Johannes Weiner has fixed the page allocator's handling of
migratetype requests, with resulting improvements in compaction
efficiency.

- In the series "make the hugetlb migration strategy consistent"
Baolin Wang has fixed a hugetlb migration issue, which should
improve hugetlb allocation reliability.

- Liu Shixin has hit an I/O meltdown caused by readahead in a
memory-tight memcg. Addressed in the series "Fix I/O high when
memory almost met memcg limit".

- In the series "mm/filemap: optimize folio adding and splitting"
Kairui Song has optimized pagecache insertion, yielding ~10%
performance improvement in one test.

- Baoquan He has cleaned up and consolidated the early zone
initialization code in the series "mm/mm_init.c: refactor
free_area_init_core()".

- Baoquan has also redone some MM initializatio code in the series
"mm/init: minor clean up and improvement".

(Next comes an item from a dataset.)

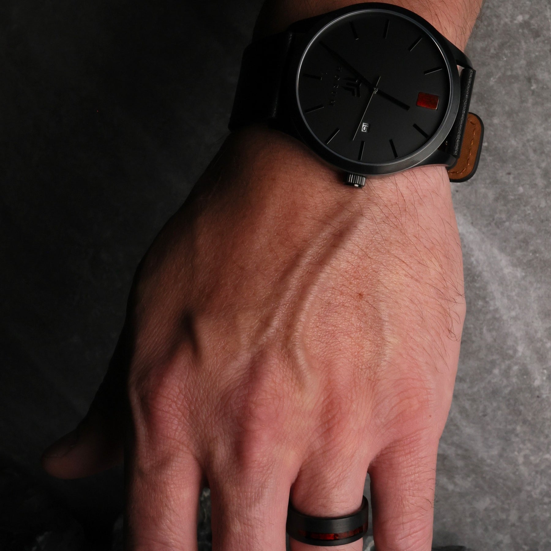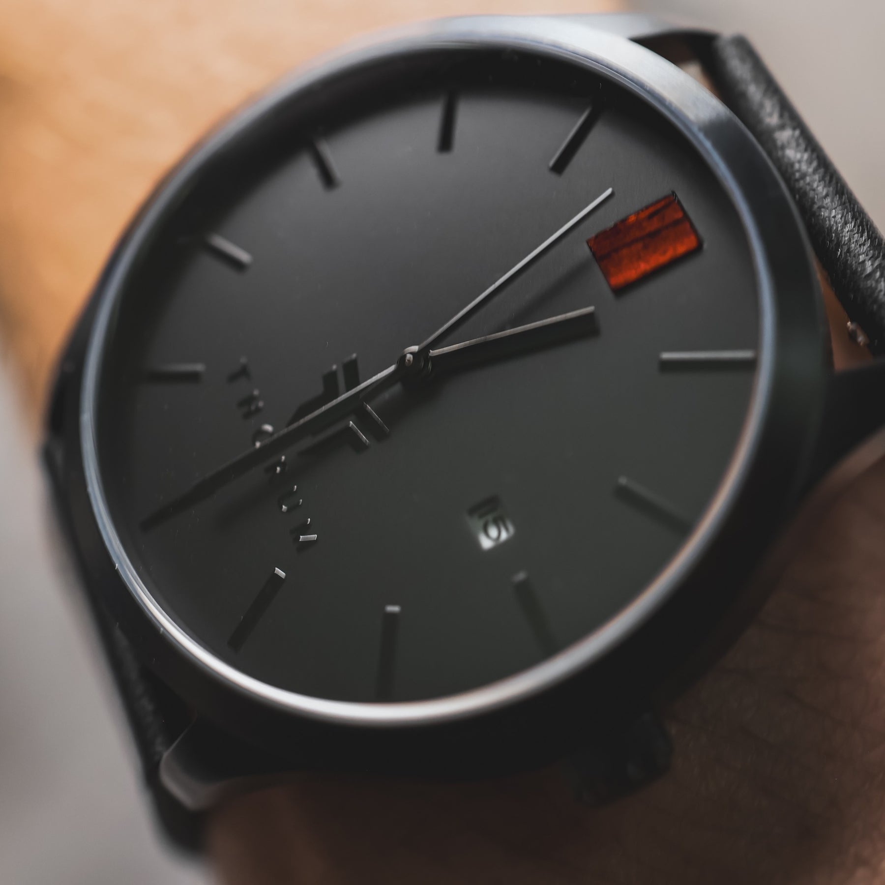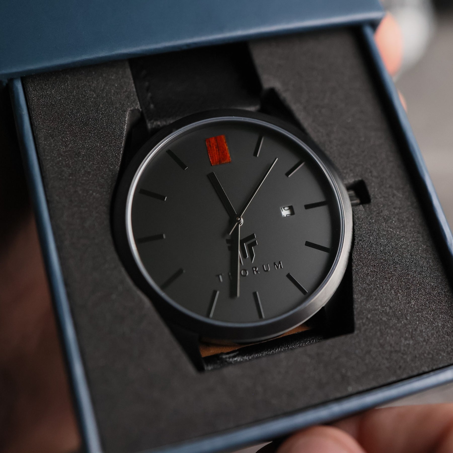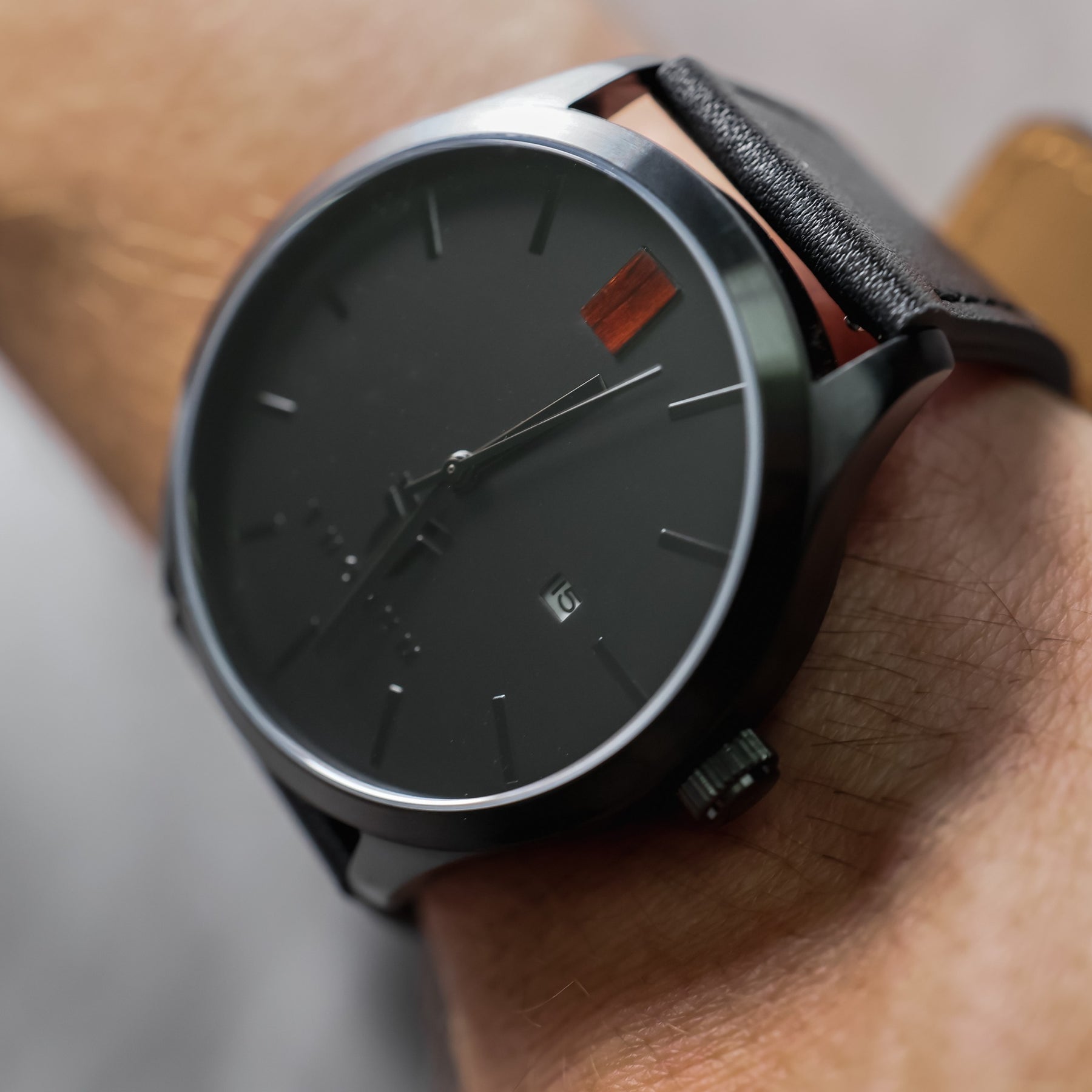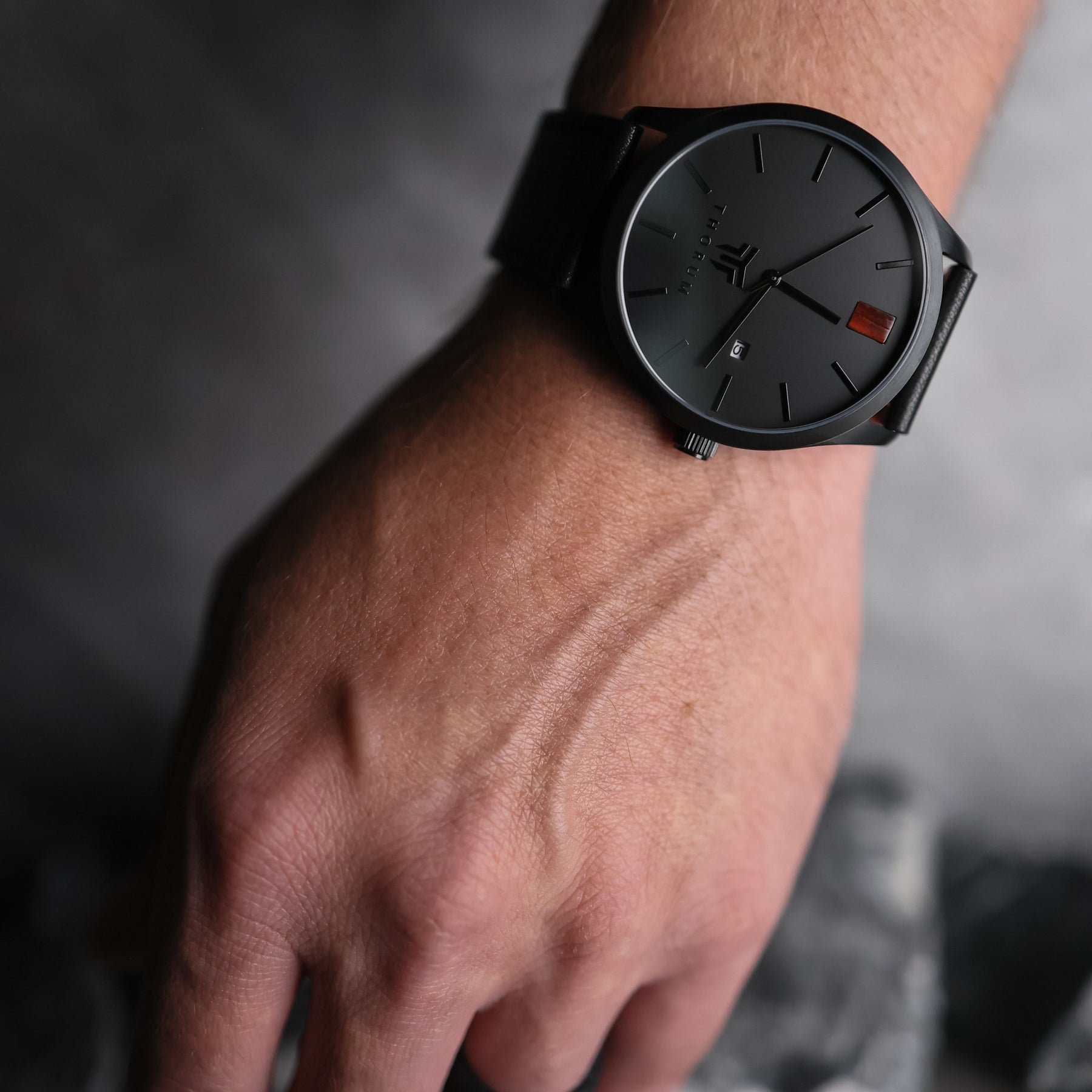 A minimalist design, featuring a black on black on black case; The Redwood Watch sports a new, upgraded Japanese Quartz movement.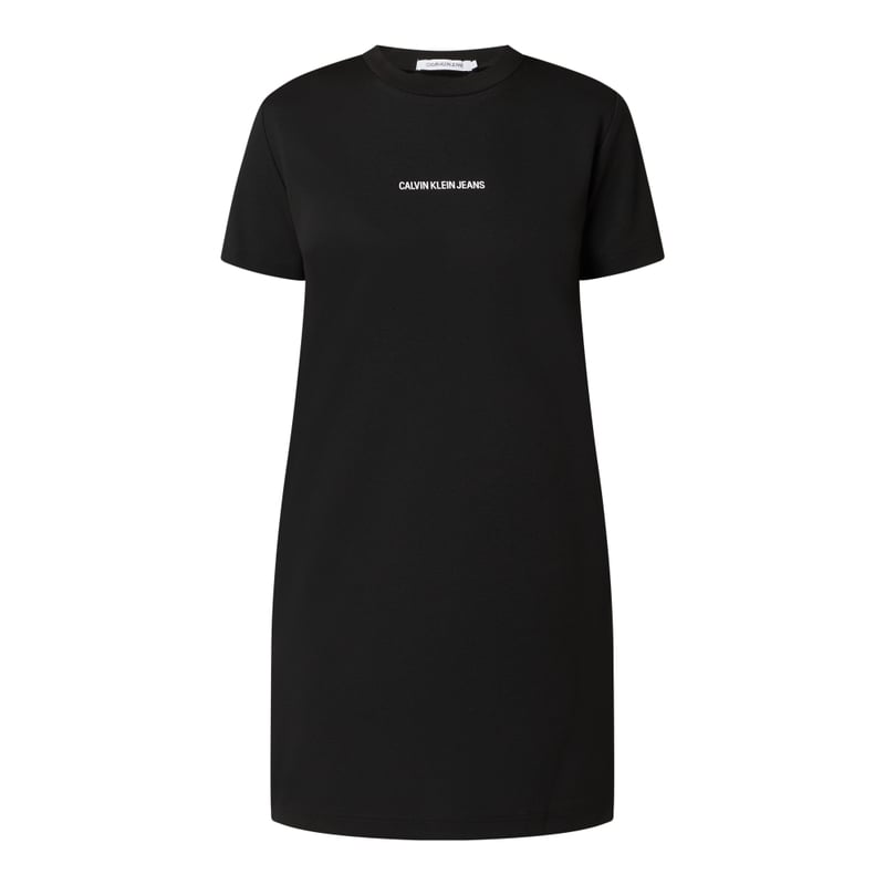 Sukienka koszulowa damska Calvin Klein Jeans, Mieszanka materiałów z dodatkiem wiskozy i streczu, Lekko rozkloszowany krój, Okrągły dekolt, Krótkie rękawy, Pasek z logo z boku, Długość tyłu w rozmiarze S: 82 cm

- MM helper cleanups from Christoph Hellwig in his series "remove
follow_pfn".

- More cleanups from Matthew Wilcox in the series "Various
page->flags cleanups".

- Vlastimil Babka has contributed maintainability improvements in the
series "memcg_kmem hooks refactoring".

- More folio conversions and cleanups in Matthew Wilcox's series:
"Convert huge_zero_page to huge_zero_folio"
"khugepaged folio conversions"
"Remove page_idle and page_young wrappers"
"Use folio APIs in procfs"
"Clean up __folio_put()"
"Some cleanups for memory-failure"
"Remove page_mapping()"
"More folio compat code removal"

- David Hildenbrand chipped in with "fs/proc/task_mmu: convert
hugetlb functions to work on folis".

- Code consolidation and cleanup work related to GUP's handling of
hugetlbs in Peter Xu's series "mm/gup: Unify hugetlb, part 2".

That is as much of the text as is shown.